This blankness removes any concrete context from reality. In other paintings, onlookers appear distant from lines of consumers, but engage in potential acts of consumption: a man reads a book in an uncomfortable pose and seems confined to an unnatural ordering of life. Alienation from production distances us from consumption. Following this idea, each class of people in Lee's work, whether busy consumers, or unengaged onlookers, are alienated. Lee's work captures the great, modern structures of fetish, and consumers in the typical places of contemporary society, to provoke an oppressive atmosphere. But at the same time, her work offers escape from the dark, and gloom. Her paintings are aspects of our time, though they are not sociological reports - they appear neutral and ambivalent. If there are traps in everyday life, they are invisible in her work, while people willing to be caught by the traps do so through desire, rather than passivity. Focusing more on people's body language than the people themselves, Lee's pictures are dramatic. They look like stages in a situational or experimental play, rather than any dramatic scenes from a narrative. "The canvas is a stage summoning figures according to my scenarios," she explains. Lee shows different actions in the same situations, capturing the nuances of difference, and unconscious gestures in the public. In her artist’s statement for 2008, Lee also revealed interest in gathering instants and situations. Her way of gathering included experiments through which she presented situations to her participants, then took the results, to reprocess the observed within reality. The two ways are compatible, despite the difference of setting or situation.

situation(female)_Oil on Canvas_194×259cm_2009

While in Germany Lee's work was experimental, and also looks realistic. However, participants in each experimental situation were not completely controlled. To this we can say, theoretical experiments are not completely distinguishable from empirical observations, and the both are mutually influential. In situations staged in a studio, people squatting, hugging each other, or sitting in a circle, reveal unexpected, patterned responses that arise when people meet with people, and people meet with objects. So, even those free to wander in a shopping can demonstrate fixed patterns of action. Whether in experimental or empirical situations, all Lee's characters are anonymous, and part of a whole. This is a strategy Lee uses to capture the whole from its parts. Her use of neutral backgrounds makes their neutrality look conspicuous. The situations Lee paints are reinforced through photography and computer modification prior to her work at the canvas. And she makes complicated, formative elements appear simple and intense in each painted moment, thus maintaining for herself a certain distance from the process of representation. Consequently, her work has that unique sense of space offering by painting and unavailable to mechanically reproduced artwork. This is not to synthesize other figures with objects, reveal their secrets, or objectify them in contrast to other subjects; this is to present another dimension of reality, by placing herself outside herself and others. The act is not to make presumptions about the subject and object, or transcend the two; it is simply, necessary, for examining the characteristics of the people Lee take as subject matter, and understand her positions outside herself and others. Meetings among the masses, in the age of mass-production, and mass-consumption, are governed by a system, and Socio-psychologists have stressed the role of the unconscious in this dynamic. In The Crowd: A Study of the Popular Mind (La Psychologie des Foules), published in the late 19th century, Gustav Le Bon argued that an individual’s conscious action is replaced with the unconscious action of the crowd. People who usually remain separate experience unconscious forces when in a group. Likewise, groups in a department store Lee captures move independently, but share the collective identity of the consumer.

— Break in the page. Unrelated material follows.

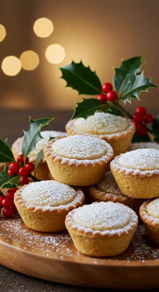 Mince pies are a British holiday tradition. The filling combines dried fruit, apples, spices, and a touch of brandy. Spoon into small pastry cases and bake until golden.

situation(walk#3)_Oil on Canvas_91×116.7cm_2009

Forced anonymity is often antithetical to ways of humanism or classicism, which raises the value of the individual. The anonymous are constituents of contemporary society, where the myth of autonomy has been shattered, and the deconstruction of subjectivity is frequently discussed, shaping a history without a subject (Pierre Bourdieu). As the universal subject attained in modern times is subordinated to structural order, a human being becomes a medium influenced by invisible power. The enormous shopping center she noted in this exhibition is a forum where the force driving contemporary society affects each individual’s trivial actions. Each shopper moves independently, but undergoes a similar journey. They tirelessly crave for the new, but consume the similar. A strategy to stimulate mass-consumption underlines sameness. Lee's work is to discover the movement of a difference and its traces within this sameness. The figures in her work as the lonely crowd build up their own invisible sphere, breaking down the boundary to contact with the others. A shopping center is a typical spectacle space. Although a spectacle is abbreviated in her work, that becomes an invisible stage curtain leading a situation. At the same time, the shopping center also becomes a daily space. Like the situationists who paid attention to spectacle commodity consumption, the artist sets and rearranges situations to visualize microscopic power infiltrating an individual’s conscious and unconscious. Masses of anonymous people exist in layered, mediated orders, removed from direct experience and communication. Acts of consumption can make people look distinctive, but it can also make them analogous. Lee's paintings have variety and delicate differences, but also the flowing of something homogenous. Homogeneity and heterogeneity are related. Figures in Lee's work do not form communities founded on any traditional values. They remain scattered, and their subjectivity and innate qualities disappear. If they form community, it is close to a negative community; a "community of those who could not shape any community" as Georges Bataille wrote. Here, the I and the others form mere relations and not community.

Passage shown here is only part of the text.